• _Prompt_
Nothing but the lines from the one holding "8. В программе" to the final line of the listing below, both included, should be repeated, and each must match exactly. Omit pictures.

• _Data_
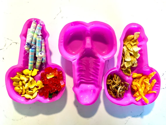 Deux plats à condiment pénis. Servez avec humour deux plats à condiment pénis lors d’un enterrement de vie de jeune fille ou d’une soirée entre filles. Aussi un moule a gelé très unique.
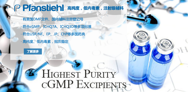 “熱烈祝賀Pfanstiehl的注射級甘氨酸Glycine(G-140)喜獲CDE登記號F20250000403, 這是Pfanstiehl產品獲得的第18個CDE登記號!”甘氨酸在醫藥輔料制劑中應用廣泛,, 可作為緩沖劑,增溶劑,穩定劑等,具有諸多優勢。Pfanstiehl秉承一貫高品質理念,為滿足全球生物制藥行業對于高品質甘氨酸的需求,隆重推出的注射級甘氨酸Glycine (G-140), 具有超高純度,超低內毒素,超低金屬殘留的特點,單獨檢測29種金屬離子,并且新增DNA,RNA,DNA酶,RNA酶和脂肪酶,亞硝酸鹽等多項質量指標的檢測,符合多國藥典規定(USP, EP, BP, JPE, ChP),可用于生物治療性藥物和疫苗的生產。產品信息:· 產品名稱:Glycine, High Purity, Low Endotoxin, Low Metals, USP, EP, BP, JPE, ChP (G-140)· 中文名稱:甘氨酸· 分子式:C2H5NO2· 分子量:75.07 g / mol· CAS號:56-40-6· 產品貨號:G-140產品特點: · 超高純度,超低內毒素,超低微生物含量,超低金屬雜質殘留· 質量指標新增DNA,RNA,DNA酶,RNA酶,脂肪酶和亞硝酸鹽檢測· 符合多國藥典:USP, EP, BP, JPE, ChP· 符合ICH Q3D標準· 符合GMP標準· 已獲DMF和CDE登記號 產品應用:· 緩沖劑· 穩定劑· 增溶劑如果您對Pfanstiehl注射級別Glycine G-140感興趣,歡迎聯系Pfanstiehl 中國區代理商北京西美杰科技有限公司獲得如下詳細的產品概況說明文件和測試樣品。Pfanstiehl Inc.最新產品系列如下,歡迎聯系北京西美杰科技有限公司獲取100g裝免費樣品。北京西美杰科技有限公司為Pfanstiehl中國代理,為客戶提供完善的技術支持與售后服務。歡迎撥打西美杰客服電話400-050-4006或者登陸網站www_xmjsci_com.hzygsg.cn了解更多信息。 更多>
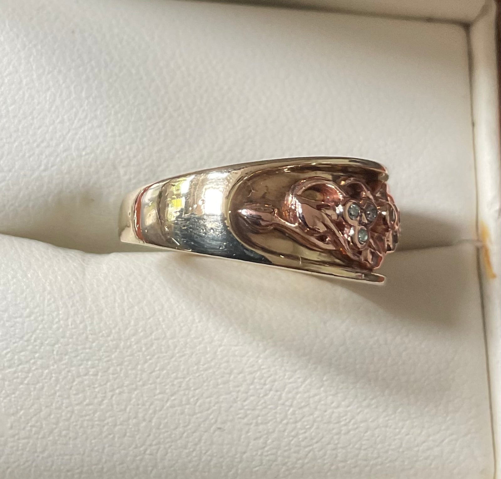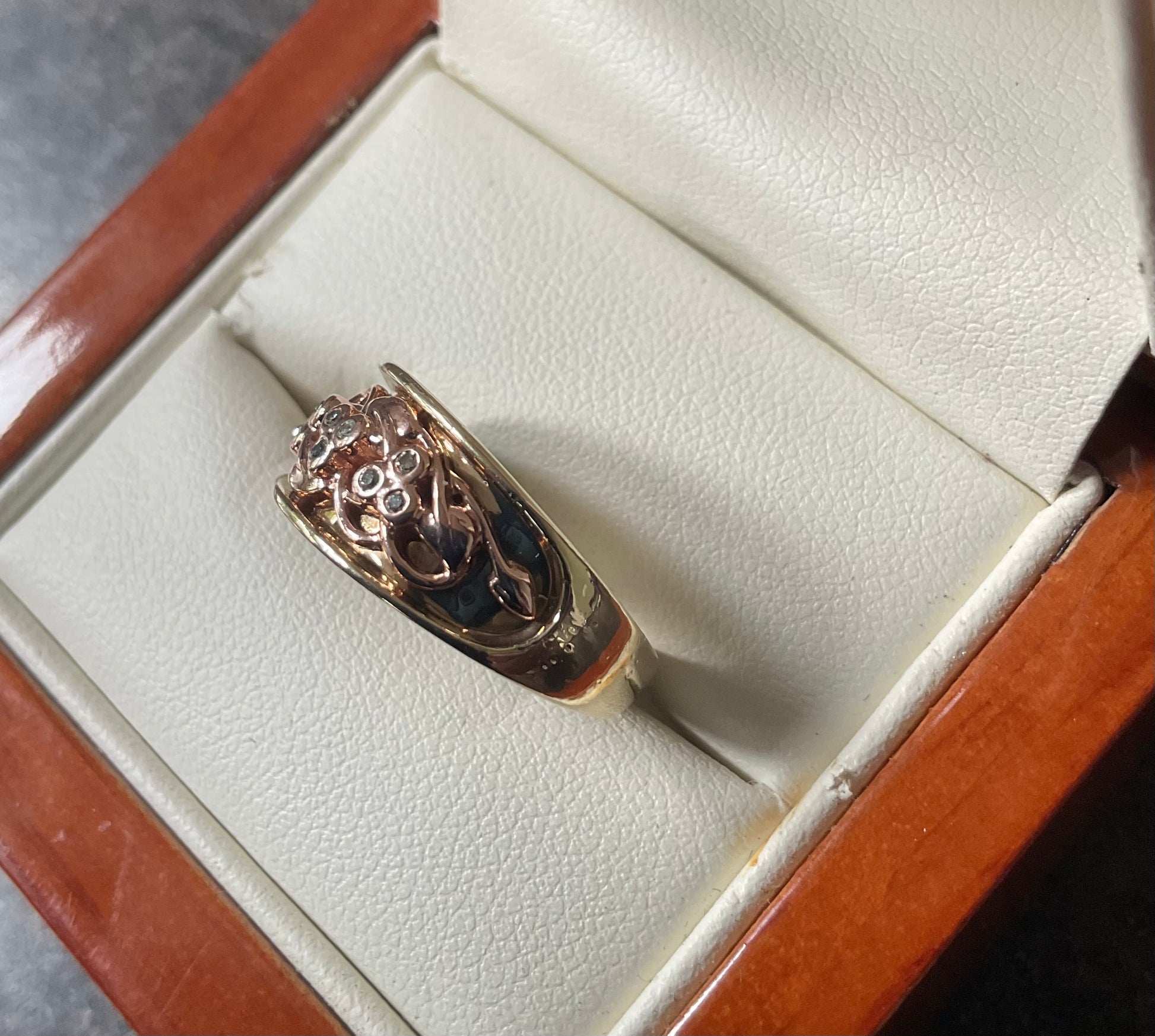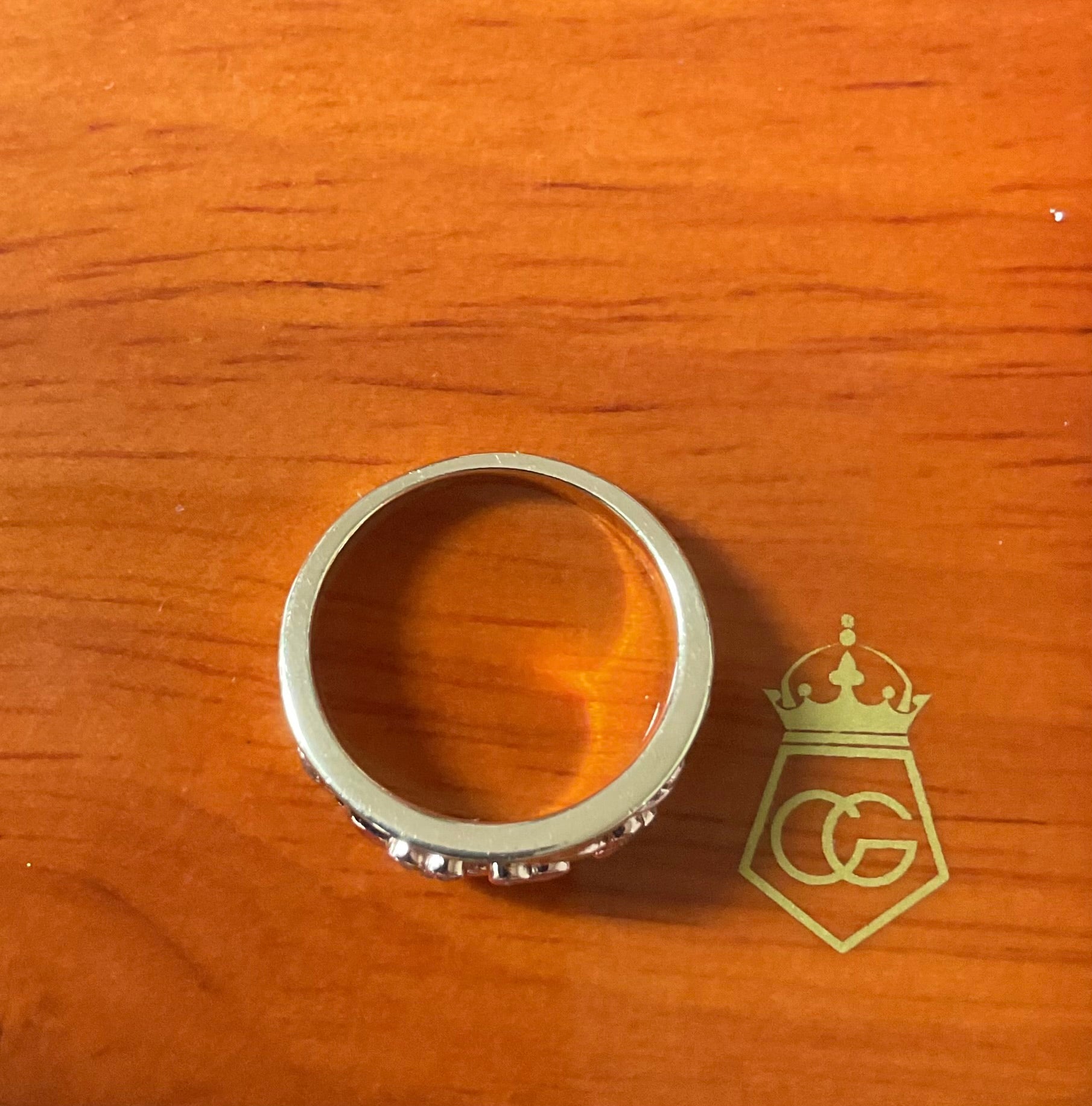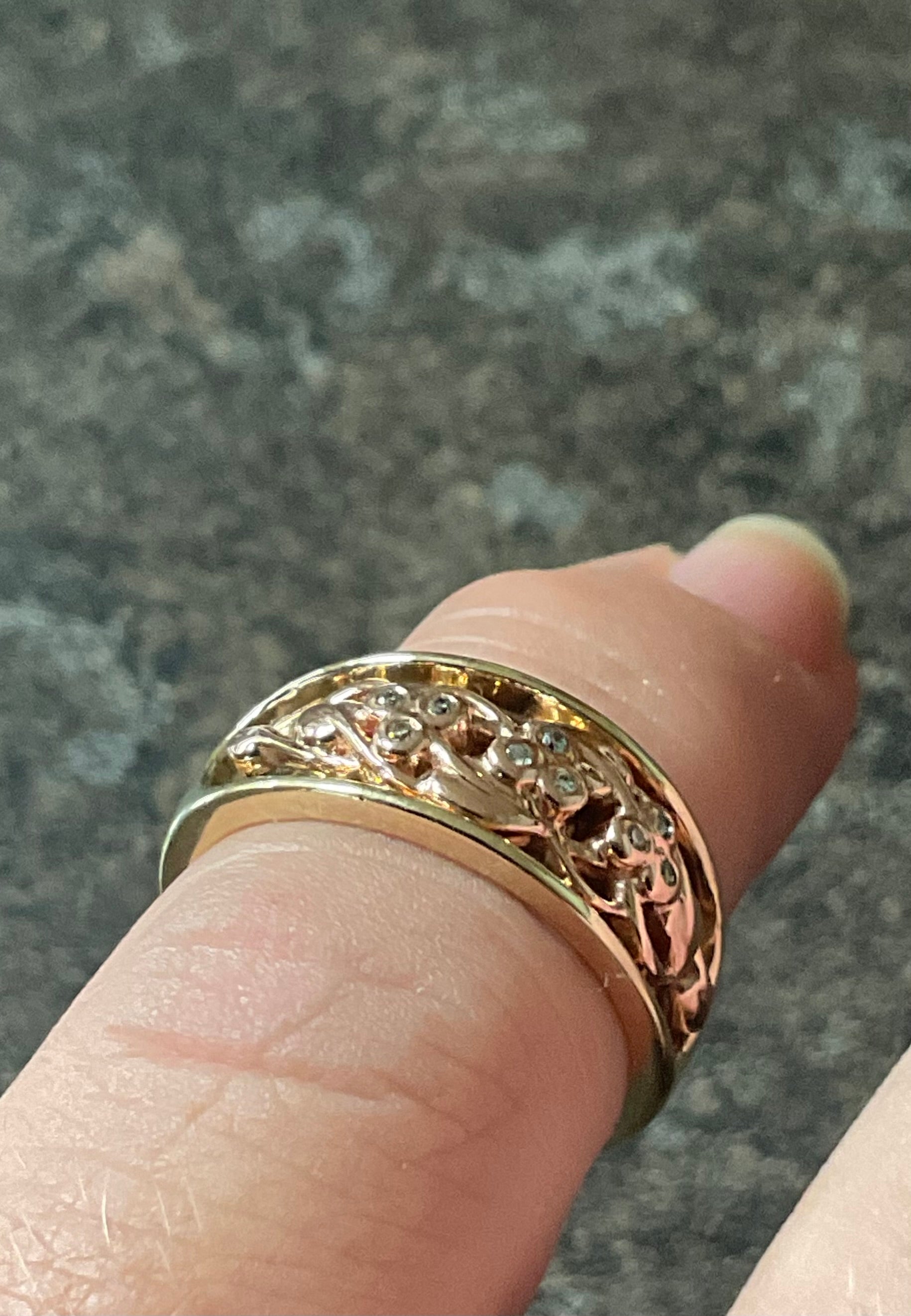 This beautiful ring was released to commemorate the Wedding of Prince William to Kate Middleton, as inside is engraved with the date ‘29th April 2011’. It is also engraved with the Welsh words ‘Cariad Am Byth’ which means ‘beloved forever’. Along the centre of the ring are 9 brilliant-cut, bright diamonds. These entwine with rose gold vines to symbolise the most touching moments of your life - past, present and future. The band is yellow gold and measures 8mm across at its widest. This band also has the Clogau gold hallmark inside. The ring is a size K and weighs a substantial 4.60g. It comes in the wooden Clogau box shown (that has small wear but is in good condition), the little certificate booklet and the certificate that was released with this specific ring. The ring has been worn and whilst it is in good overall condition, there are signs of wear/dinks in the surface of the band that are visible by eye when you look for them.
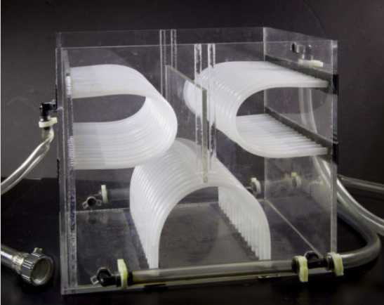 "Looks like there are 3 hoses. There is a semi-myth that hypo is heavier than water (true) but it dissolves in water thus, in solution and not really heavier. If the designer thought this was true then I would guess the bottom 4 drains would be for exiting the wash water or just draining the washer at the end of a wash. The bottom tube has a pinch valve again suggesting it is a drain. It would appear that the washer needs to be used in a sink so that overflowing water can spill over the top. Anyway trying to figure out someone's design is fun."
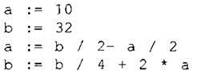 8. В программе “:=” обозначает оператор присваивания, знаки “+”, “-”, “*” и “/” - операции сложения, вычитания, умножения и деления. Правила выполнения операций и порядок действий соответствует правилам арифметики.
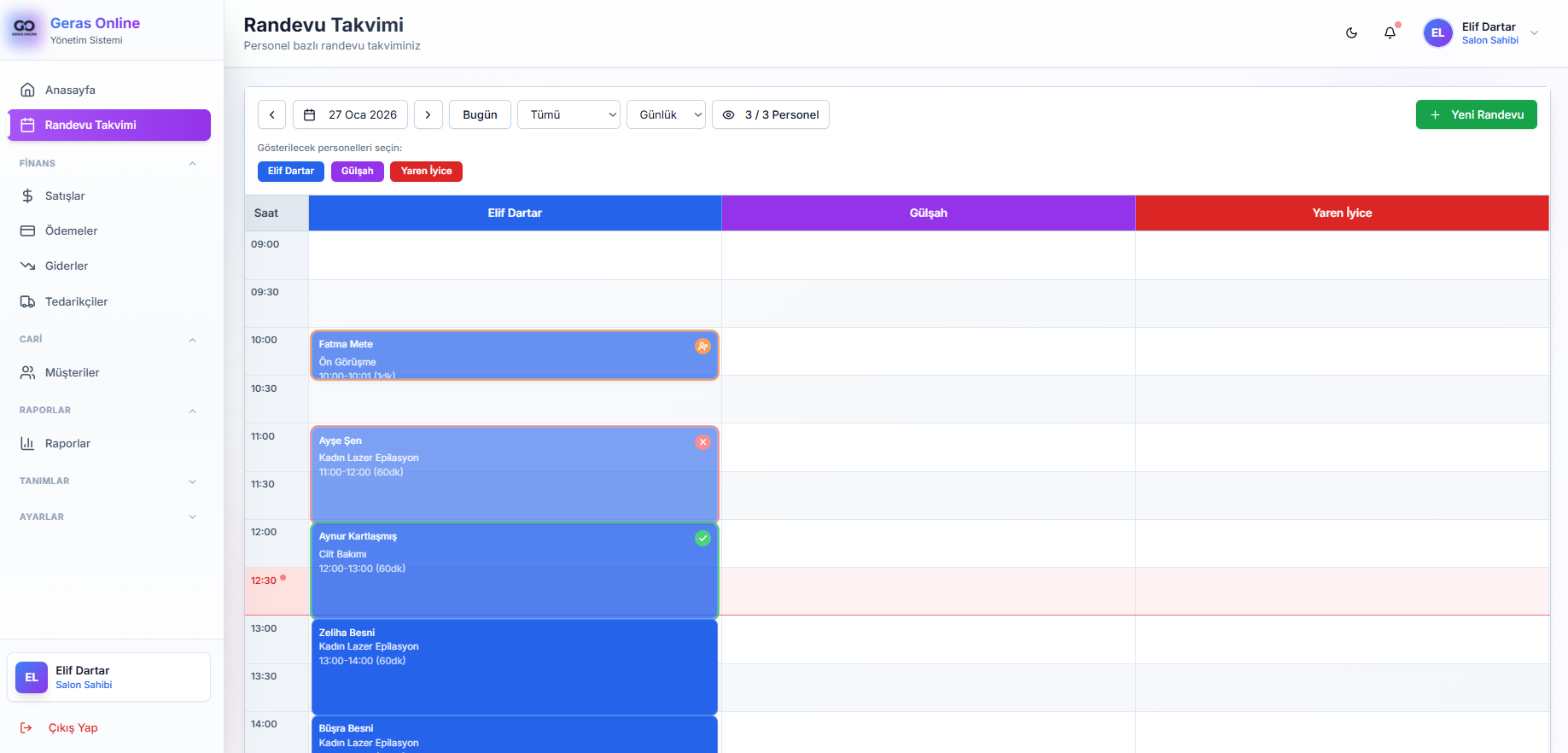 Modern randevu yönetimi, satış takibi ve raporlama sistemi ile işlerinizi kolaylaştırın, müşteri memnuniyetini artırın. Tek tıkla tüm salonunuzu yönetin.

• _Expected answer_
 8. В программе “:=” обозначает оператор присваивания, знаки “+”, “-”, “*” и “/” - операции сложения, вычитания, умножения и деления. Правила выполнения операций и порядок действий соответствует правилам арифметики.
 Modern randevu yönetimi, satış takibi ve raporlama sistemi ile işlerinizi kolaylaştırın, müşteri memnuniyetini artırın. Tek tıkla tüm salonunuzu yönetin.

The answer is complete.